The cops were all gathered around the entrance to HPD talking on their walkies, a couple of them were on the rooftop, including Officer Perkins. There was Sergent Hiro, who pulled up in some ugly ass SWAT van, and they started to block us off. I heard some garbled announcement, another SUV pulled up, and I guess they were trying to get us to disperse, or arrest us, or something. We just kept chanting, shit like “HPD, what do you say, how many did you kill today?” And “1-3-5-9, Make HPD do the time!” Most everyone was there to air their grievances, and burn off some steam. But we weren’t crossing the street. We weren’t blocking traffic, they were. At first. I guess, it was after HPD literally catapulted chum on us, that things started getting heated. HPD saw that we weren’t leaving, and this was only a half hour into the protest. It’s not like we were there that long. Until some dumb fuck threw a brick, things were tolerable. Seriously. Whoever you are, you’re a real piece of work.
But they started shooting tear gas at us. Which, I guess, is what you do when a brick gets thrown.
Did you know it’s a bad idea to grab a tear gas canister and throw it? Even with gloves. I mean. Seriously.
My hand looks like Freddy Kruger’s.
Minus the sweet spikes.
I guess it’s my fault, though. I threw the gas back at them, right at Sergent Hiro in his stupid SWAT truck. I couldn’t stop thinking about the conditions, the ****ing shit that they pull in that jail of their’s. How they beat prisoners half to death and leave them to suffer in pain and agony.
So I wanted to give them some pain and agony too.

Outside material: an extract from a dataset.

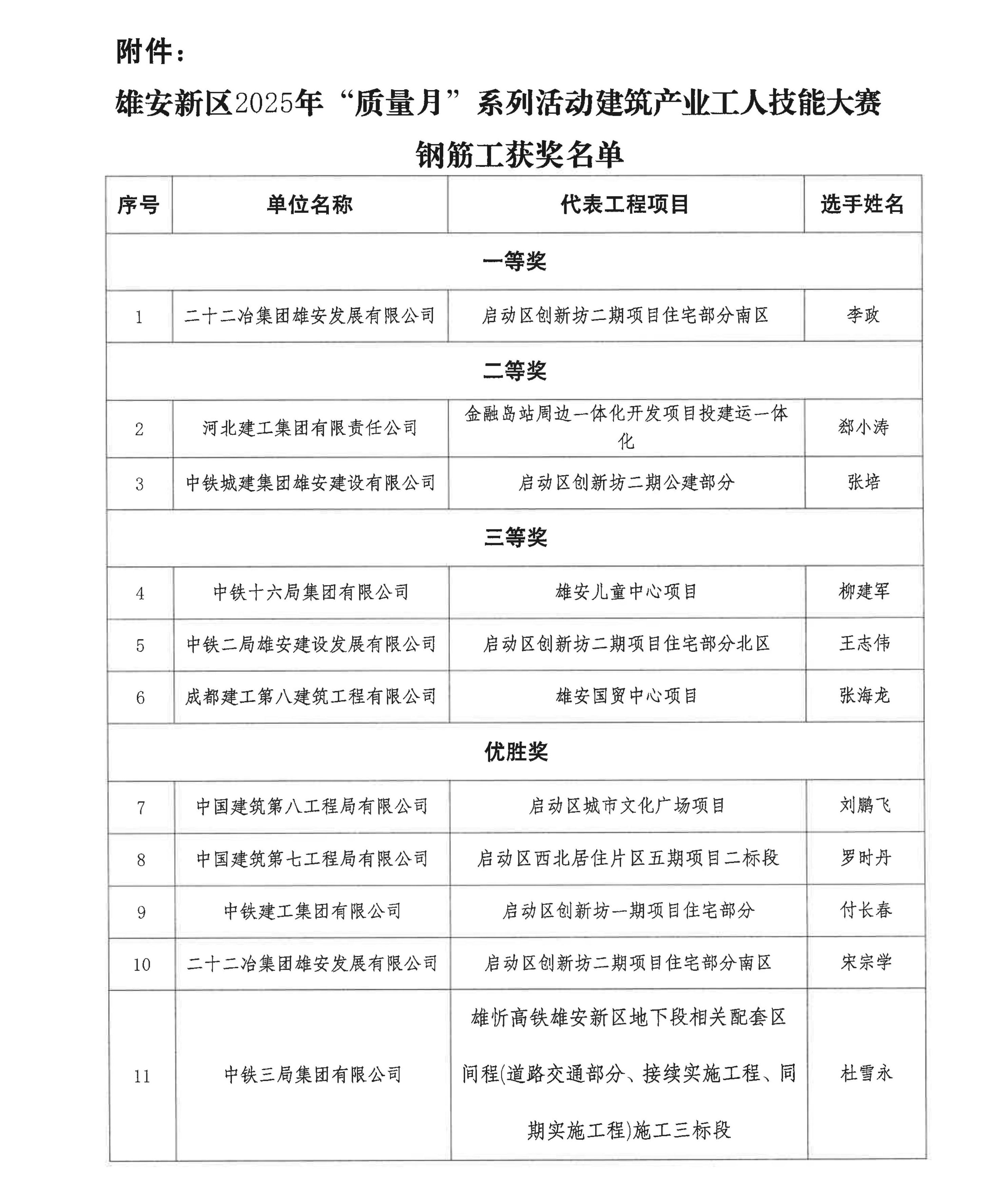 附件:关于雄安新区2025年质量月系列活动——建筑产业工人技能大赛获奖名单的公示

So they started lobbing more tear gas. I had a mask, a lot of us didn’t. I’m not whining about it, but tear gas sucks. Especially on people not really.. doing anything. Just holding signs and speaking truth.
And I guess our incognito leader got outed. But I’m not going to write about that here. I don’t know her, and I don’t put other people’s names in my mouth. Or on paper, I guess. Unless they deserve it.
I hope you’re reading this, Sgt Hiro.
Because I think you’re a fascist pig.
I guess that was when people started to leave. Good thing, too, because they started shooting rubber bullets at that point. I had a trash can lid, but a lot of people just got hit, or ran. I’m not sure, really. I knew I had maybe twenty people behind me, and then, I looked behind, and everyone was gone, and it was me, and her, against a wall, while a hose sprayed us, pinning us to the ground. At some point I got nailed in the thigh with a rubber bullet, and they just started shooting. If I didn’t have that damn trash can lid, that would have been… well, it, really.
But I had my “get the fuck out of here” trump card.
Yes, I threw a molotov cocktail. At the street.
No, I don’t regret it.
It blocked the view of most of the PD, but then some giantess corporal shot me a few times in the side, and I was done.
Let me get this out. We didn’t escalate. We had one brick that got thrown, and HPD responded with tear gas and rubber bullets. That’s what happens, I guess.
Anyway. My hand’s starting to cramp and I’m pretty sure they’re gonna give me more morphene.